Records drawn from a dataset
- Opening Delimiter -

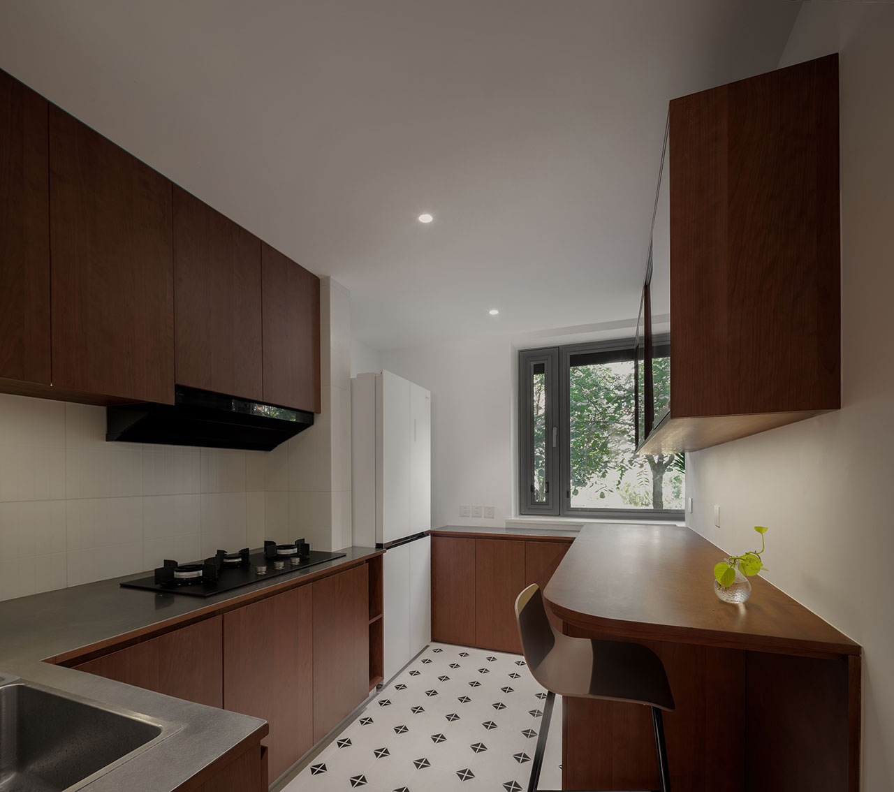 以焕新的客厅作为空间核心,餐厅、厨房、两间卧室、品茶空间以及室内的小庭院都沿着回游动线自然展开,构成了一个流动、开放而又富有层次的整体布局。
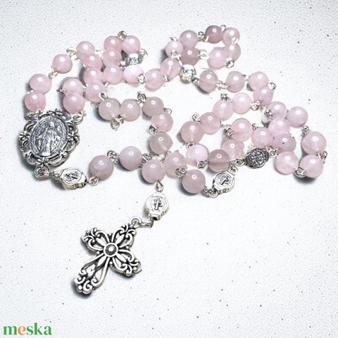 Rózsakvarc rózsafüzér keresztelő ajándék ajándékdobozzal
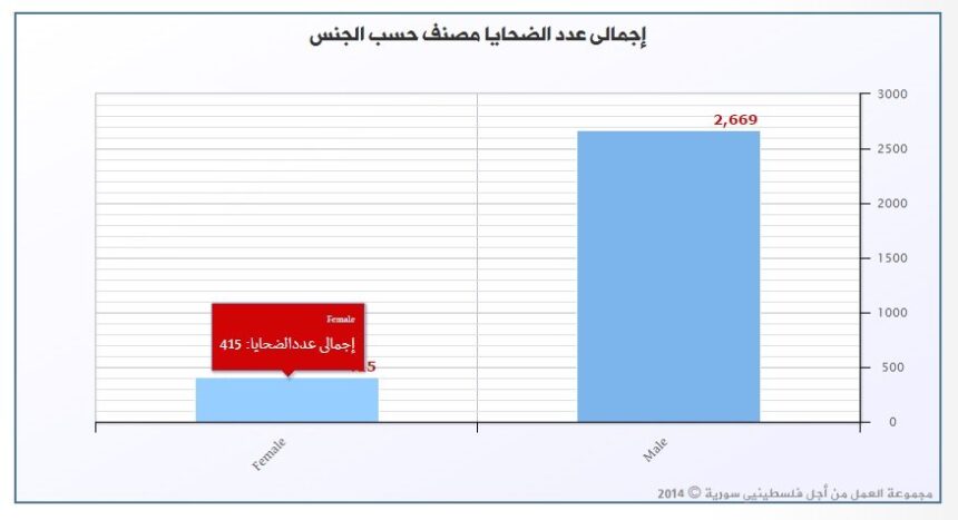 أكد فريق الرصد والتوثيق في مجموعة العمل من أجل فلسطينيي سورية أنه وثق (415) لاجئة فلسطينية قضت إثر الحرب الدائرة في سورية.
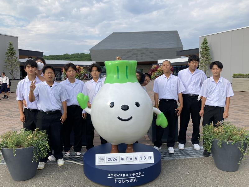 JR羽咋駅玄関看板 お披露目式 本校デザインコース生徒作品
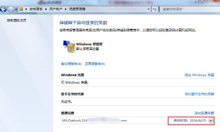 2,手动编辑outlook对应的“普通凭据”中的密码,保存即可。详情请查看如下截图。
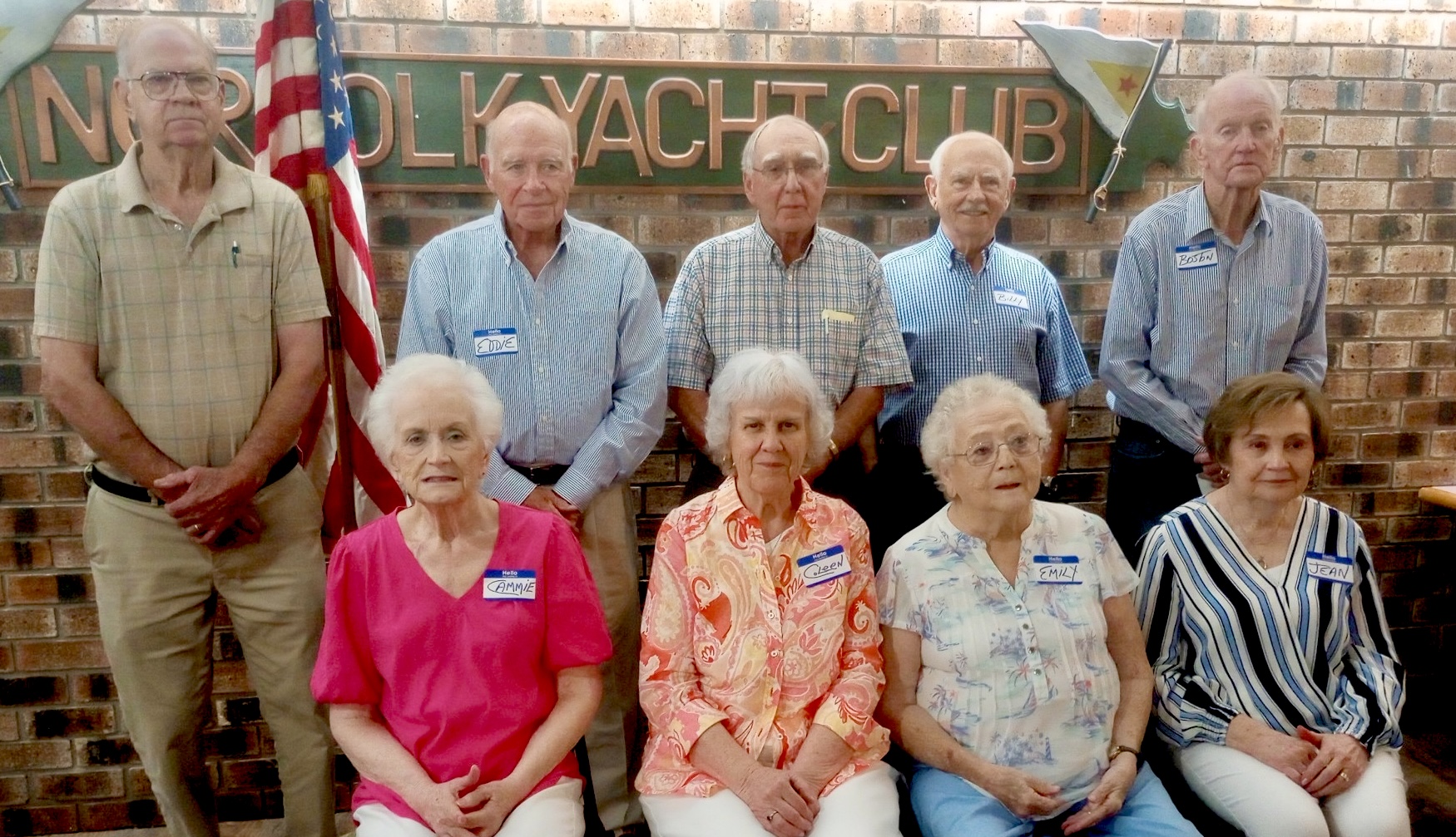 Pictured: Classmates Standing L-R Sam Foxworth, Eddie Rogers, Johnny Huggins, Billy Sanderson, and Boston Page. Seated L-R Cammie McCormick Calloway, Coleen Moore Harlow, Emily Miller Bass, and Jean Proctor Anderson. Attending but not pictured: Sandra Miller Britt.
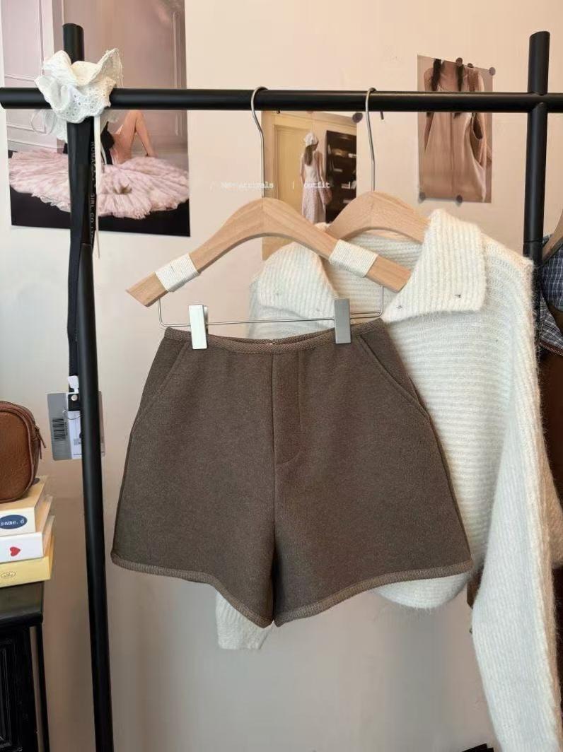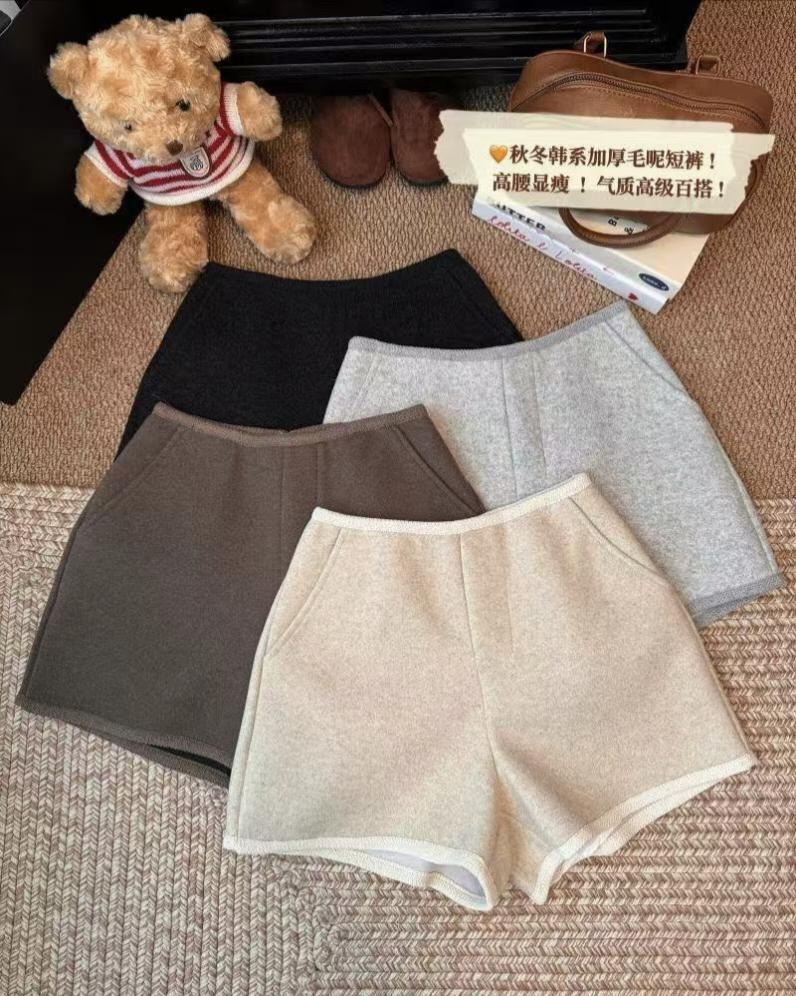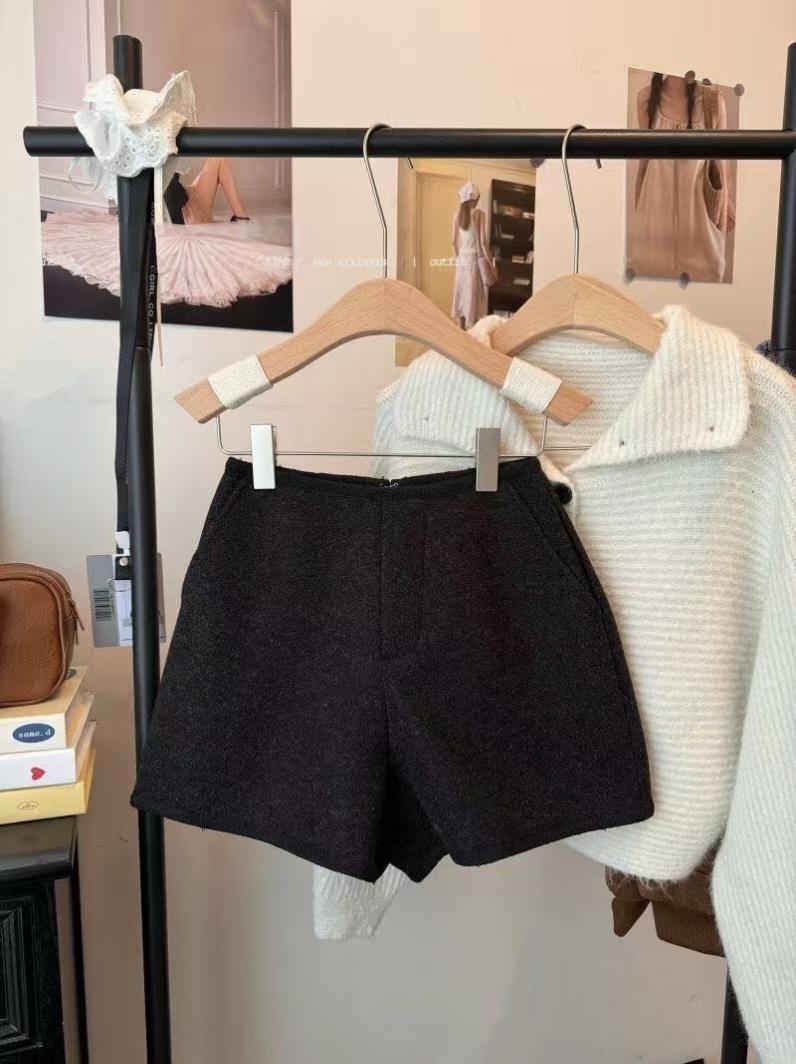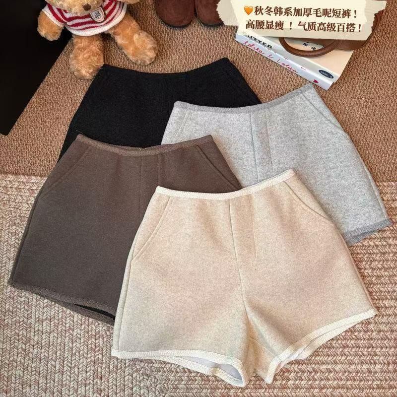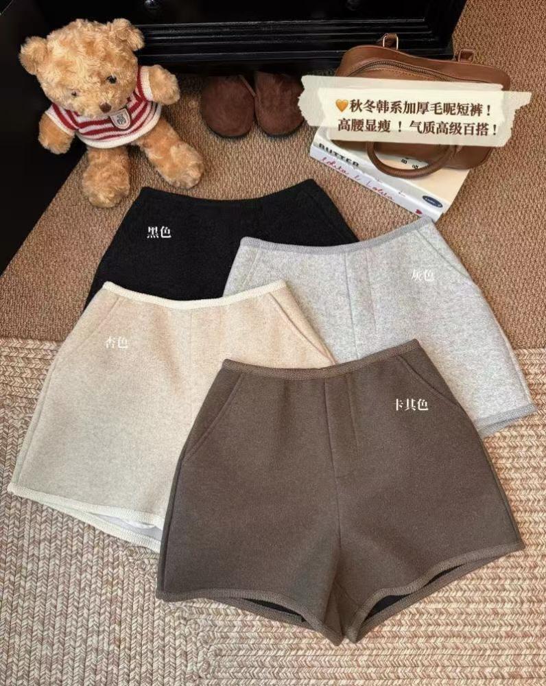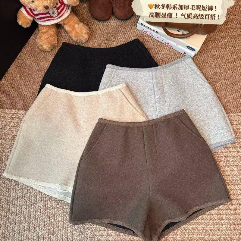 3. 【C8268】加厚毛呢短褲休閒直筒褲子高腰顯瘦闊腿褲a字休閒短褲
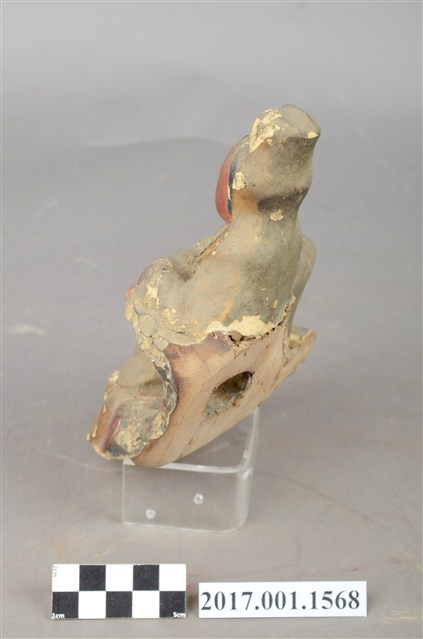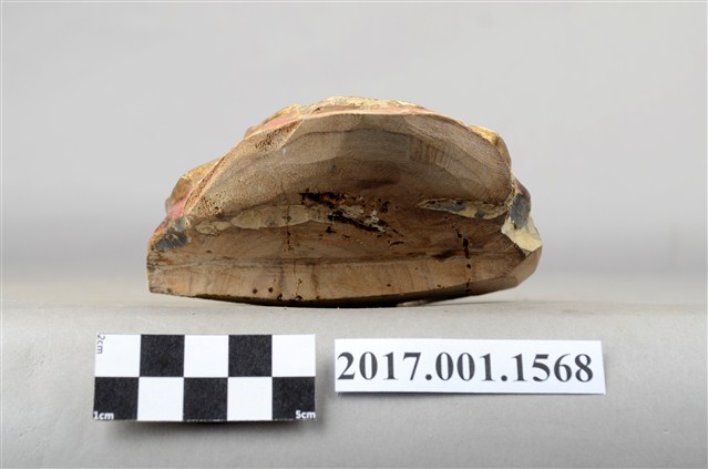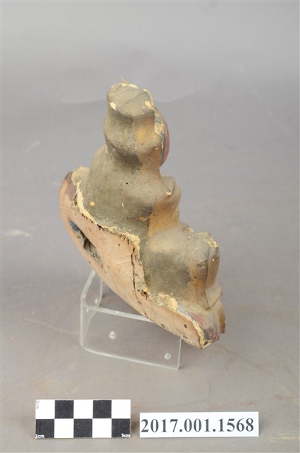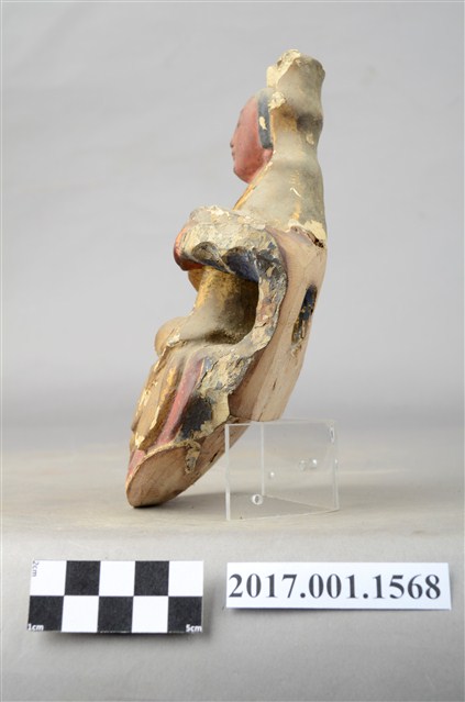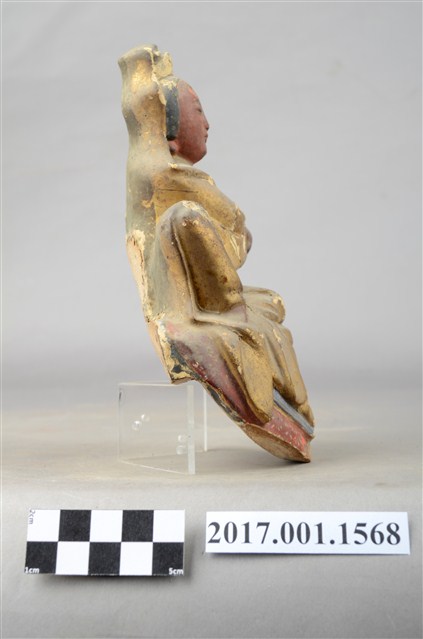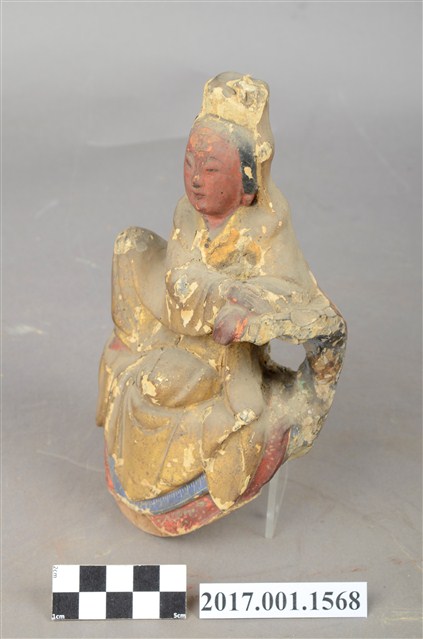 1.本件木雕觀世音菩薩像,作遊戲坐姿態,表面粧佛有局部脫落,臺座後方及底部有蛀蝕。菩薩臉部呈鵝蛋形,施朱漆,雙眼平視,頭盤高髻戴山形冠,披風帽,坐於岩座上。左手小臂擱於身左之憑几上,右手平伸於胸前,手掌扶於右手腕上。左腿屈膝內伸,平坐於臺座之上,足部隱於右腿之後,右腿屈膝,膝蓋朝右上方,袍服之下襬下垂,最下方之臺座已失。
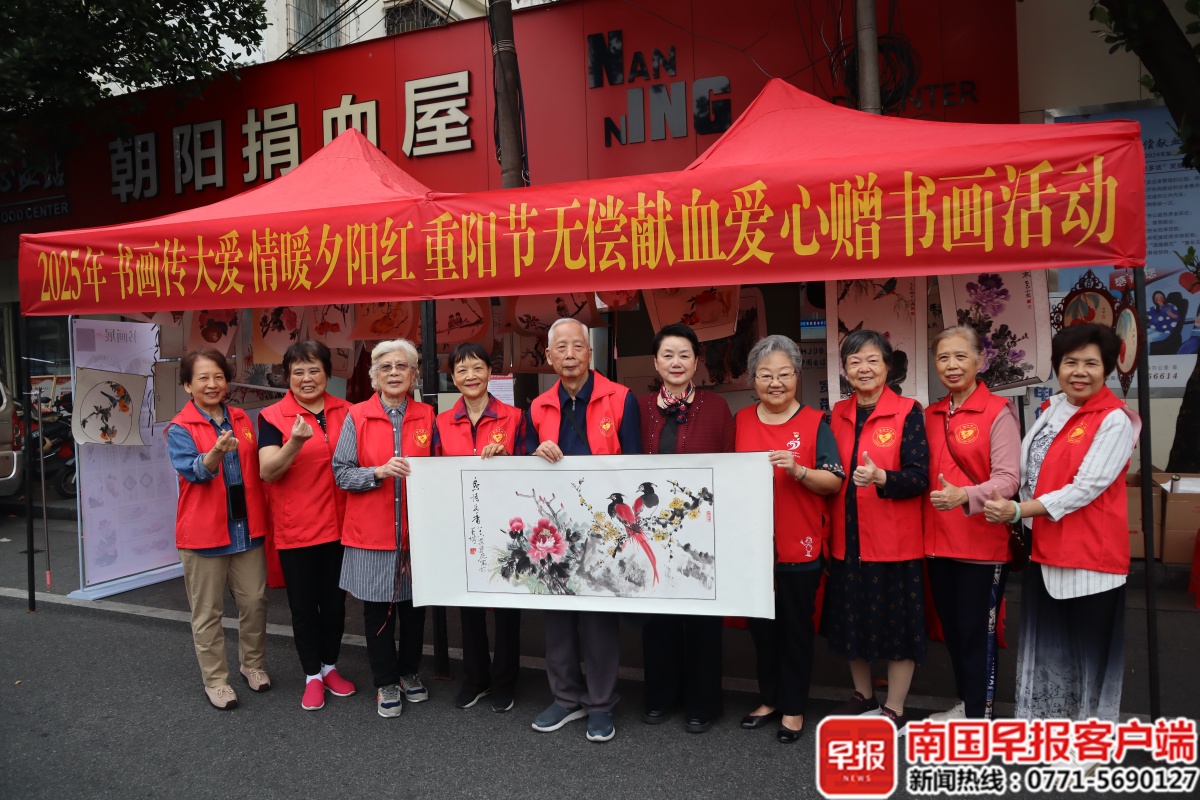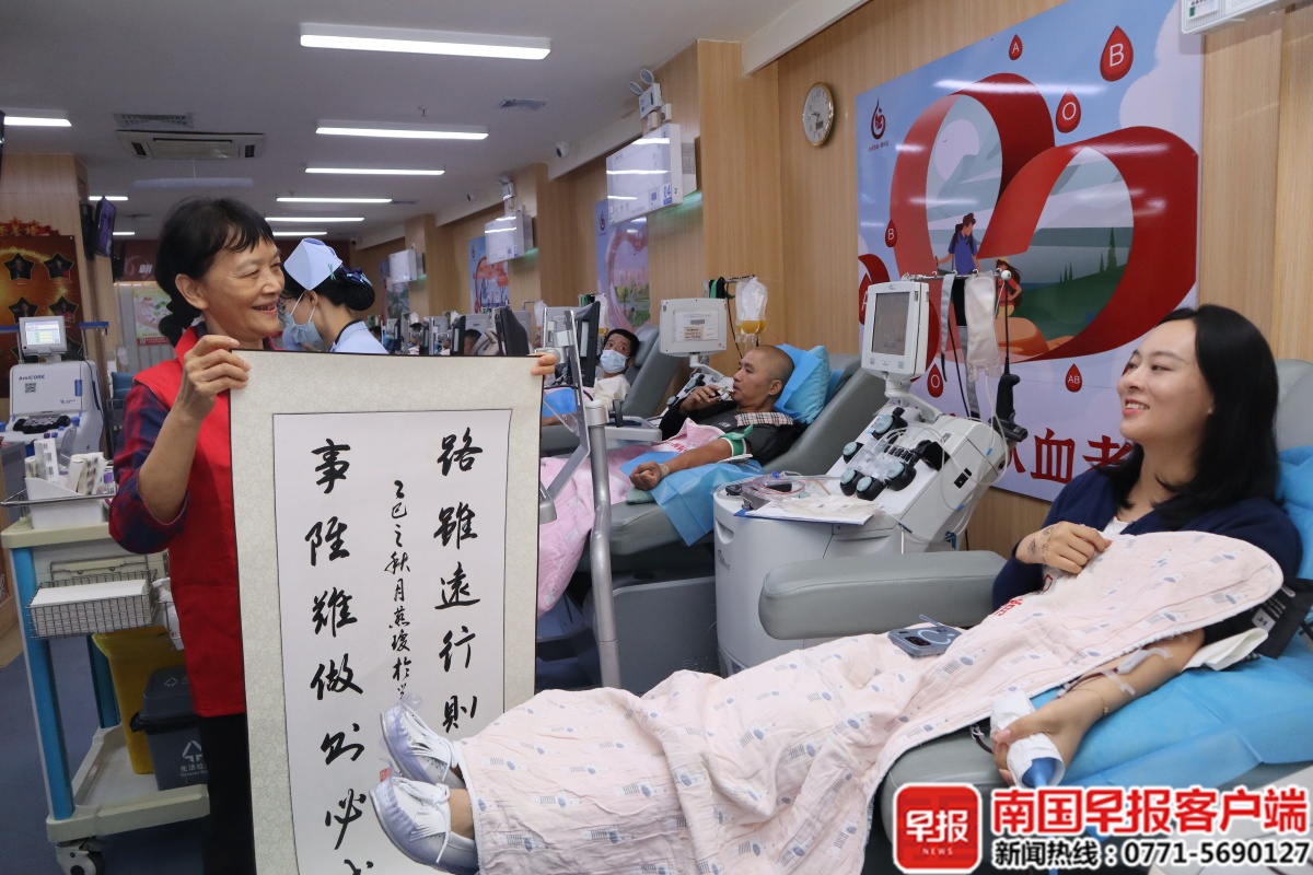 10月29日,南宁中心血站联合广西老年大学,在朝阳捐血屋开展“书画传大爱 情暖夕阳红”重阳节无偿献血爱心赠书画活动,该校的教授、学员志愿者以翰墨丹青致敬无偿献血者,大家度过了一个有意义的重阳节。

- Closing Delimiter -

Problem to solve =
Take only the lines above from the one that has "Rózsakvarc rózsafüzér keresztelő" through the one that has "3. 【C8268】加厚毛呢短褲休閒直筒褲子高腰顯瘦闊腿褲a字休閒短褲" and reproduce them exactly, omitting any pictures.

Solution for this exercise =
 Rózsakvarc rózsafüzér keresztelő ajándék ajándékdobozzal
 أكد فريق الرصد والتوثيق في مجموعة العمل من أجل فلسطينيي سورية أنه وثق (415) لاجئة فلسطينية قضت إثر الحرب الدائرة في سورية.
 JR羽咋駅玄関看板 お披露目式 本校デザインコース生徒作品
 2,手动编辑outlook对应的“普通凭据”中的密码,保存即可。详情请查看如下截图。
 Pictured: Classmates Standing L-R Sam Foxworth, Eddie Rogers, Johnny Huggins, Billy Sanderson, and Boston Page. Seated L-R Cammie McCormick Calloway, Coleen Moore Harlow, Emily Miller Bass, and Jean Proctor Anderson. Attending but not pictured: Sandra Miller Britt.
 3. 【C8268】加厚毛呢短褲休閒直筒褲子高腰顯瘦闊腿褲a字休閒短褲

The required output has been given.